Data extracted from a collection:
*** Block opens ***
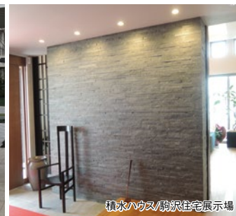
積水ハウス/駒沢住宅展示場
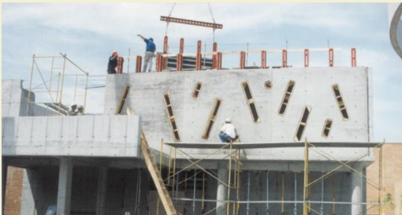
Vista de muro hormigonado con hormigón autocompactante bombeado desde la parte inferior, con una sola boca de entrada en el centro.
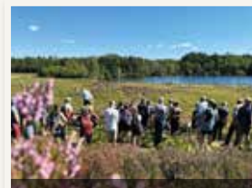
European Heathlands Workshop
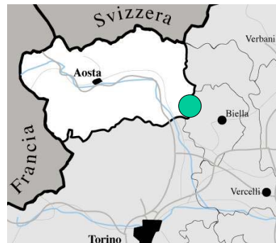
Localizzazione dell'area di studio

In ciascuna area sperimentale sono stati posizionati 2 data loggers (UTL1) per la misura della temperatura del suolo a 10 cm di profondità. Il suolo è stato completamente caratterizzato e classificato in accordo alla Soil Taxonomy come Typic Dystrochrept. Lo studio della dinamica degli elementi nutritivi è stata condotta mediante l'incubazione invernale di campioni di suolo all'interno di sacchetti in polietilene posizionati a 10 cm di profondità. Per quanto concerne la dinamica dell'azoto l'ammonificazione e la nitrificazione nette sono state calcolate come differenza fra la concentrazione iniziale e finale rispettivamente di azoto ammoniacale e azoto nitrico. E' stata inoltre calcolata la differenza di concentrazione dell'azoto organico disciolto ( \Delta DON) e dell'azoto microbico ( \Delta N micr ).
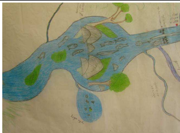
Foto 09: Detalhe da região entre as cachoeiras do Caititu e Rasteira, com destaque para a lagoa Azul.
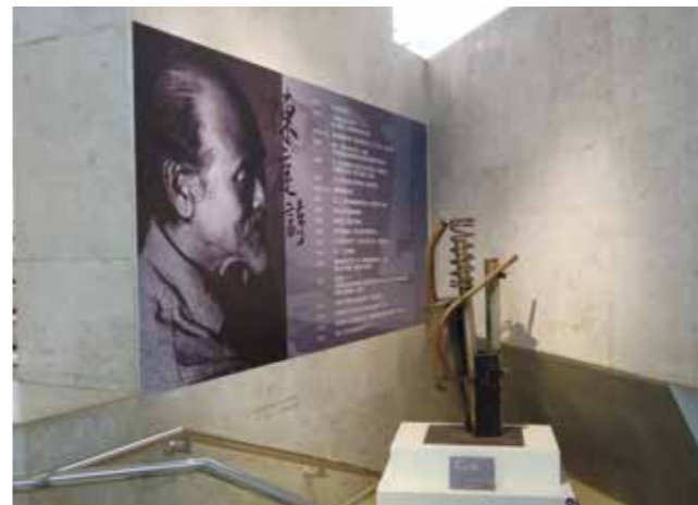
大墩典藏品—陳庭詩創作〈道〉

接 2018 臺中世界花卉博覽會，以手作彩繪瑪格麗特竹風車結合花語「期待的愛」，象徵土地的孕育順風轉動，以迎向未來為動力，繁花共構閃耀門庭為佈局，在夜晚更顯獨特風情，流露企盼 2018 花博盛會的到來。
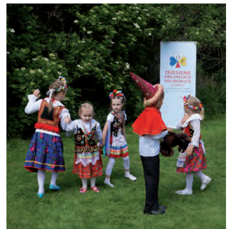
Maluchy z Kwiatów Polskich zatańczyły krakowianka.
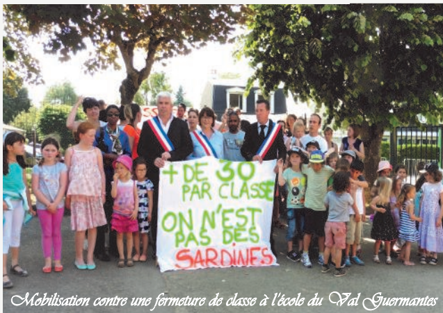
Mobilisation contre une fermeture de classe à l'école du Val Guermantes
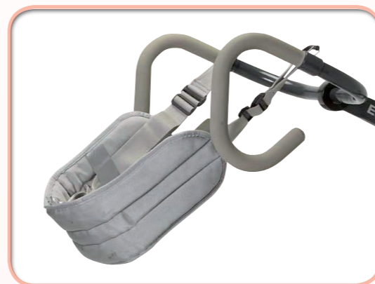
Sangle Polypropylène, lavable à 30°
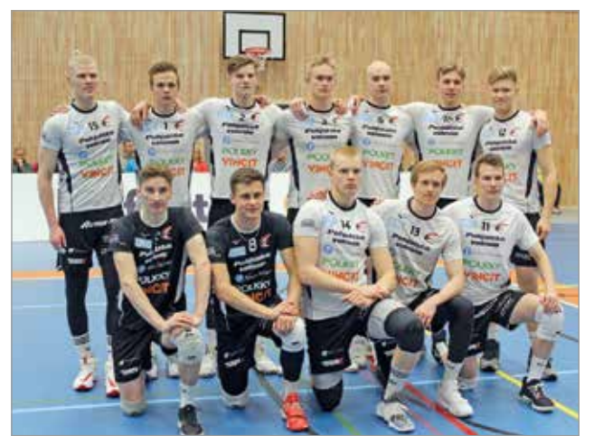
Oululainen lentopalloseura ETTA valmiina lentopalloliigan otteluun Akaa-Volleyta vastaan.

Iisi-areena osoittautui kaikin puolin toimivaksi paikaksi järjestää otteluita tai muita tapahtumia näinkin isolle katsojamäärälle. Lisäkatsomoiden ansiosta areenalle saadaan hyvät tilat jopa yli viidellesadalle katsojalle. MTR
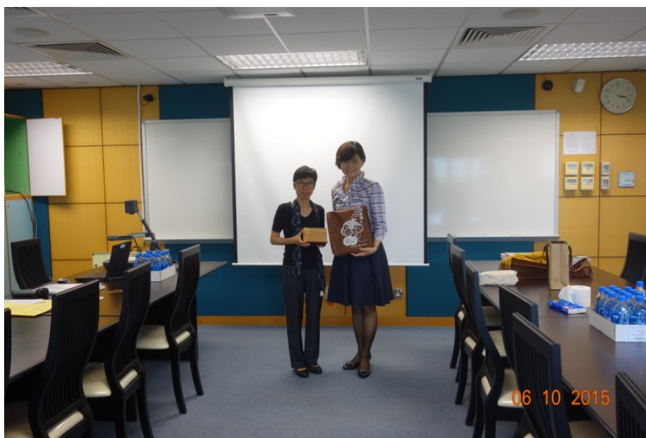
圖 8 與會成員聆聽簡報、討論與合影(仁愛堂田家炳中學)
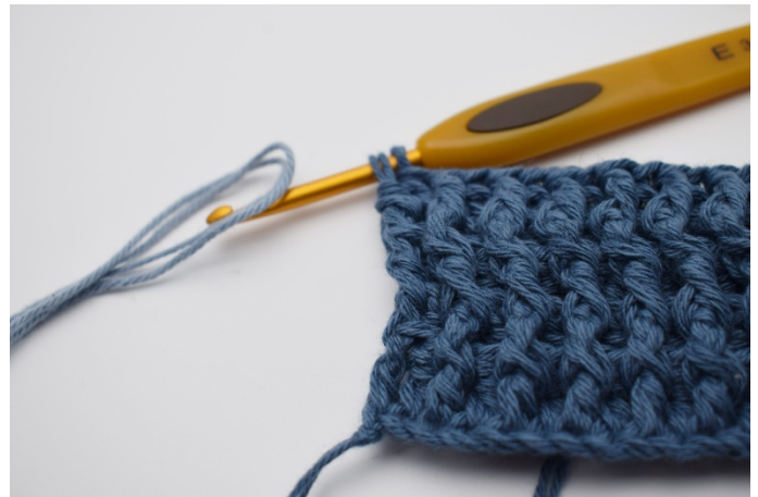
2. Indsæt den nye farve nu.
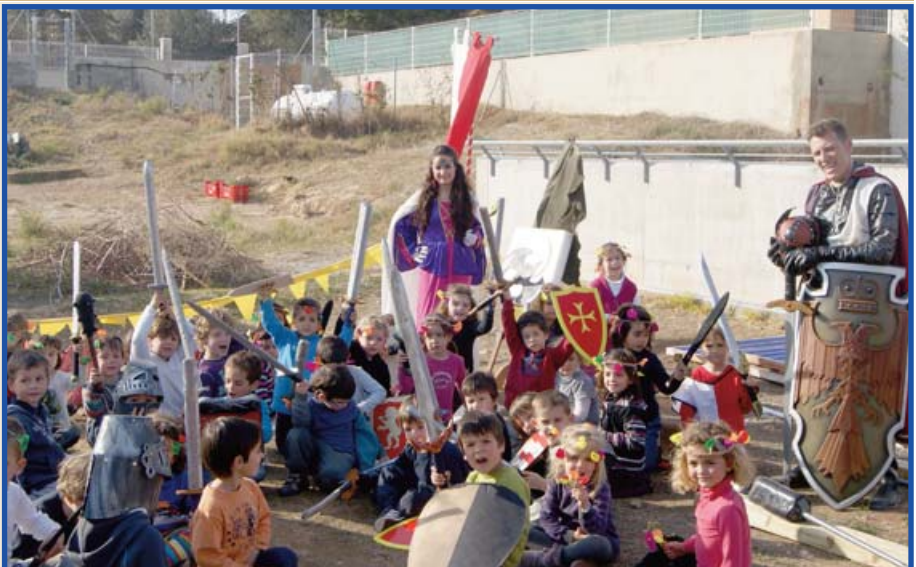
Dalt i baix tres fotografies del torneig realitzat per les classes d'Infantil 4 Anys A i B.
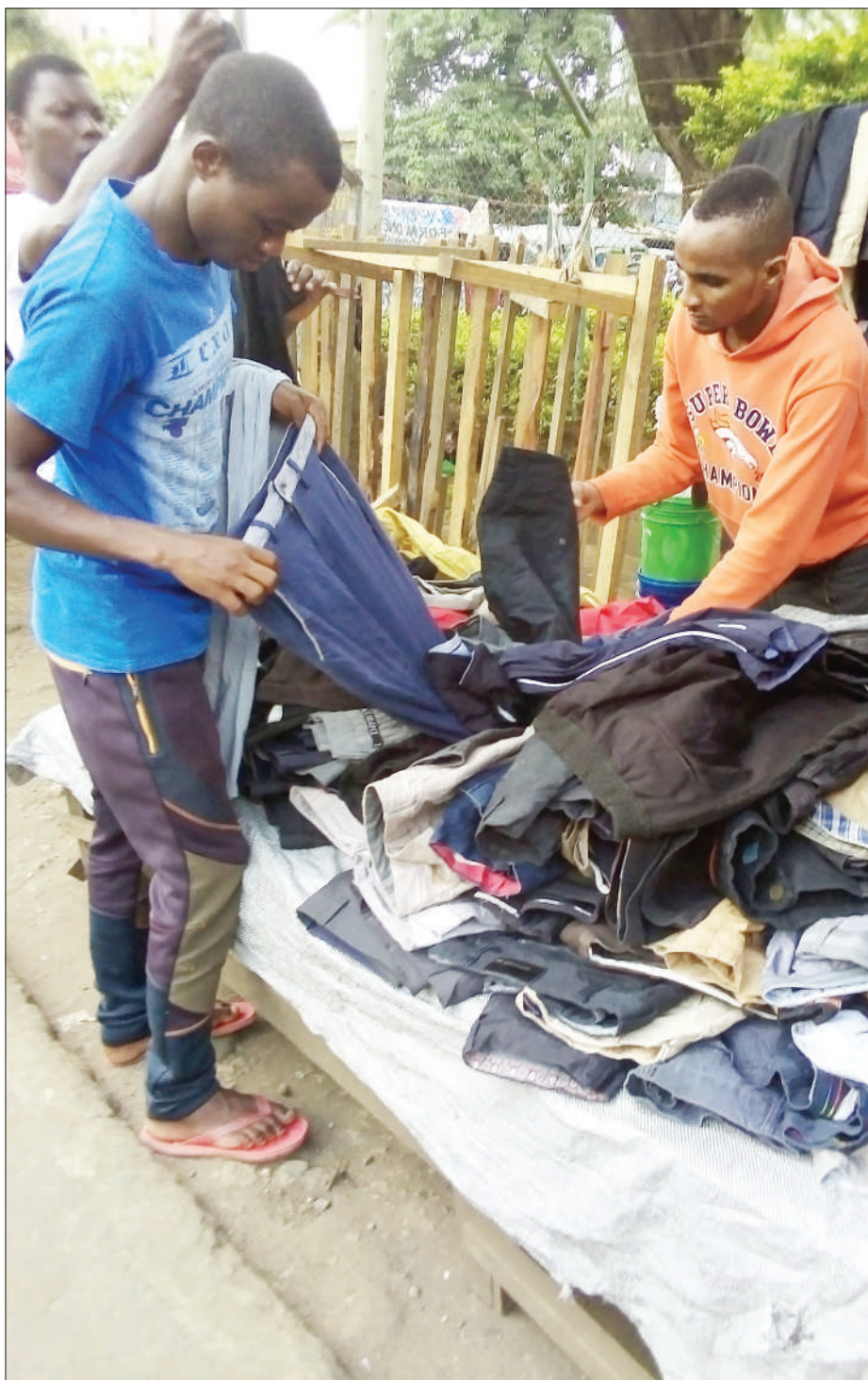
Mkazi wa Jiji la Arusha akichagua suruali za mtumba katika Barabara ya Idara ya Maji, jijini humo jana. Wananchi wengi wa kipato cha kati na chini hupendelea matumizi ya bidhaa za mitumba kutokana na unafuu wa bei.

Mafunzo hayo ya siku mbili yametolewa na Wizara ya Katiba na Sheria kwa kushirikiana na Mkoa wa Arusha, yaliwashirikisha viongozi wa dini na kimila kutoka mikoa ya Arusha na Manyara.
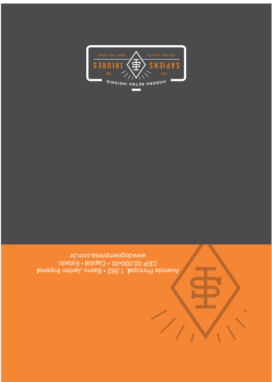
Antes de gerar o arquivo em PDF/X1-a exclua as margens de sangria, corte e segurança.
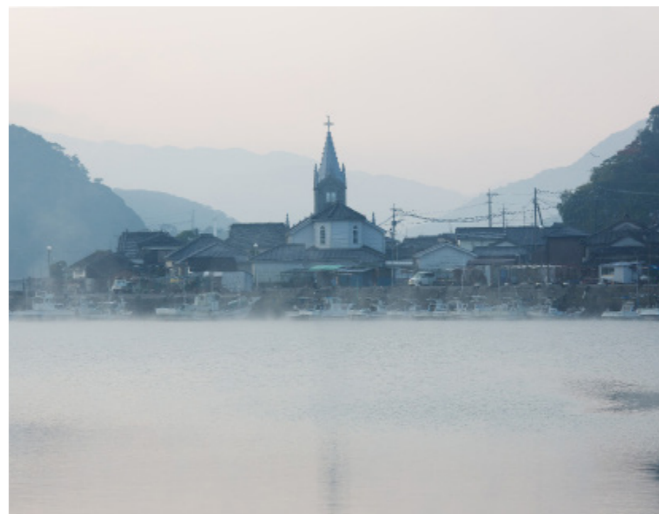
天草「崎津教会」(長崎と天草地方の潜伏キリシタン関連遺産)
*** Block closes ***
→ What this task involves
Among the records above, locate the line containing "Vista de muro" and the line containing "In ciascuna area", then transcribe exactly the lines starting at the first and ending at the second, with no pictures.

→ Solution
Vista de muro hormigonado con hormigón autocompactante bombeado desde la parte inferior, con una sola boca de entrada en el centro.
European Heathlands Workshop
Localizzazione dell'area di studio

In ciascuna area sperimentale sono stati posizionati 2 data loggers (UTL1) per la misura della temperatura del suolo a 10 cm di profondità. Il suolo è stato completamente caratterizzato e classificato in accordo alla Soil Taxonomy come Typic Dystrochrept. Lo studio della dinamica degli elementi nutritivi è stata condotta mediante l'incubazione invernale di campioni di suolo all'interno di sacchetti in polietilene posizionati a 10 cm di profondità. Per quanto concerne la dinamica dell'azoto l'ammonificazione e la nitrificazione nette sono state calcolate come differenza fra la concentrazione iniziale e finale rispettivamente di azoto ammoniacale e azoto nitrico. E' stata inoltre calcolata la differenza di concentrazione dell'azoto organico disciolto ( \Delta DON) e dell'azoto microbico ( \Delta N micr ).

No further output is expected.